Core maintenance condition:

Punishment pathways are cheaper and more developed than repair pathways.

Because negative feedback is easier to formalize, the system keeps using it.


8. Failure Pattern

Negative-Only Feedback fails by creating defensive adaptation.

Failure signs:

  • errors go underground
  • actors stop reporting early signals
  • low-risk initiative disappears
  • trust collapses
  • compliance becomes performative
  • adversarial behavior increases
  • high-coherence actors exit
  • low-coherence actors become better at evasion
  • the system escalates surveillance to compensate
  • coercion becomes attractive

Failure path:

Negative-Only Feedback
→ Fear of Visibility
→ Hidden Adaptation
→ Surveillance Inversion
→ Coercion Stabilization

or:

Negative-Only Feedback
→ Talent Drift
→ Low-Coherence Stable Attractor

9. Common Regime Stackings

Stacked RegimeRelationship
Over-SurveillanceMonitoring feeds punitive feedback
Surveillance InversionActors learn how to avoid negative triggers
Frozen MetaNegative feedback suppresses variance
Coercion StabilizationPunishment becomes order strategy
Rule-StackingEach violation adds rules
Reaction FieldSmall signals trigger disproportionate response
Talent DriftHigh-coherence actors leave punitive systems

10. Transition Pathways

Degradation Path

Negative-Only Feedback
→ Surveillance Inversion
→ Coercion Stabilization
→ Frozen Meta

Attrition Path

Negative-Only Feedback
→ Initiative Collapse
→ Talent Drift
→ Low-Coherence Stable Attractor

Restoration Path

Negative-Only Feedback
→ Positive Feedback Restoration
→ Trust Repair
→ Repair-First Meta
→ Adaptive Coherence

11. Restoration / Exit Conditions

To exit:

  • reduce the E⁻ / E⁺ imbalance
  • build positive feedback pathways
  • distinguish correction from repair
  • reward early warning and truthful disclosure
  • protect good-faith error surfacing
  • create proportional responses
  • restore trust
  • make support visible
  • measure coherence contribution, not only violation
  • ensure visibility can lead to help, not only penalty
  • pair monitoring with restoration
  • prevent mistakes from becoming identity labels

Key test:

Can actors safely reveal small problems before they become large ones?
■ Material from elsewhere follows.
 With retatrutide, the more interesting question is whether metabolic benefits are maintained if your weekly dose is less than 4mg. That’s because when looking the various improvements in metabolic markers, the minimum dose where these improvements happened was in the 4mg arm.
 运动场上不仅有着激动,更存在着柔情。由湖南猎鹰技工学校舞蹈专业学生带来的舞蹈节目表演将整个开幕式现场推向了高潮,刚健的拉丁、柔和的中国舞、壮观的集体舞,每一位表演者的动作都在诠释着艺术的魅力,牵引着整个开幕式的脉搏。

If not, the regime remains negative-only.


12. Null-Admissibility Conditions

Negative-Only Feedback becomes null-admissible when:

  • feedback becomes coercive suppression
  • actors cannot appeal or correct classifications
  • punishment replaces repair
  • mistakes are used to justify identity compression
  • visibility reliably produces harm
  • support pathways are intentionally absent
  • negative feedback is used to preserve power rather than restore coherence
  • the system creates the adversarial behavior it then punishes

13. Examples

Abstract Example

A system only notices people when they fail, so people learn to hide their failures instead of repairing them.

Institutional Example

A workplace or school tracks violations heavily but rarely recognizes contribution, improvement, early warning, repair, or good-faith risk disclosure.

AI / Technical Example

An AI platform only responds to user behavior through warnings, blocks, restrictions, or account penalties, while offering weak appeal, explanation, support, correction, or restorative pathways.


14. Non-Redundancy Note

Negative-Only Feedback differs from Over-Surveillance because over-surveillance concerns excessive sensing, while negative-only feedback concerns the direction and meaning of response.
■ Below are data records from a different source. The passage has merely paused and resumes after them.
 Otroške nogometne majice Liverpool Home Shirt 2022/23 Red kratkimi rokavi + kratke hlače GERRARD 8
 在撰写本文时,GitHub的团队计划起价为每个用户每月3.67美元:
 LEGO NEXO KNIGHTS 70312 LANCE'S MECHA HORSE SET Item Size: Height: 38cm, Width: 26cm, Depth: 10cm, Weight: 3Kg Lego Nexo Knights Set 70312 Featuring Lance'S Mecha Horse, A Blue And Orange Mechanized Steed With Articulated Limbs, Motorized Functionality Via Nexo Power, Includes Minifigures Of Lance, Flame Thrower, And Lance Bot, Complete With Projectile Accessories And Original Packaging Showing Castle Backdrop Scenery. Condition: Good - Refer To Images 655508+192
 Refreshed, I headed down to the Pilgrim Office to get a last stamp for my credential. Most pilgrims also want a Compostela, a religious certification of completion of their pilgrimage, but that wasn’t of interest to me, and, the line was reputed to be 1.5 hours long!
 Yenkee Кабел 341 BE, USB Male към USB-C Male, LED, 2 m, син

It differs from Surveillance Inversion because surveillance inversion describes actors learning the control system; negative-only feedback explains why actors become defensive or adversarial.
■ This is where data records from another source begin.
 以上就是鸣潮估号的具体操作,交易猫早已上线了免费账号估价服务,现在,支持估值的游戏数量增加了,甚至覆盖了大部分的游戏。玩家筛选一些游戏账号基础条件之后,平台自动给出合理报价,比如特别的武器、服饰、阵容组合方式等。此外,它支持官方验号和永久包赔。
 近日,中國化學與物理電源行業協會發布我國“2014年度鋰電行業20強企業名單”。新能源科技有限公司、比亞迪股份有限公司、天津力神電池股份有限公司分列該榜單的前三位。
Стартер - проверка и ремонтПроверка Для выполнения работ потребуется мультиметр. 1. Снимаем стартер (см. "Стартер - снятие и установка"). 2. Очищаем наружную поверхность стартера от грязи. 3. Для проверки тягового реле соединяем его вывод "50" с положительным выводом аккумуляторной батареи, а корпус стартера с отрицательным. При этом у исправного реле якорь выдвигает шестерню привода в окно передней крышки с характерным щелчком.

It differs from Coercion Stabilization because negative-only feedback can be a precursor to hard coercion but is not always coercive at the outset.


15. Compact Registry Summary

Negative-Only Feedback occurs when a system senses primarily to punish, restrict, or suppress. Its signature is E⁻ ≫ E⁺, trust decline, hidden debt growth, resistance, and adversarial adaptation.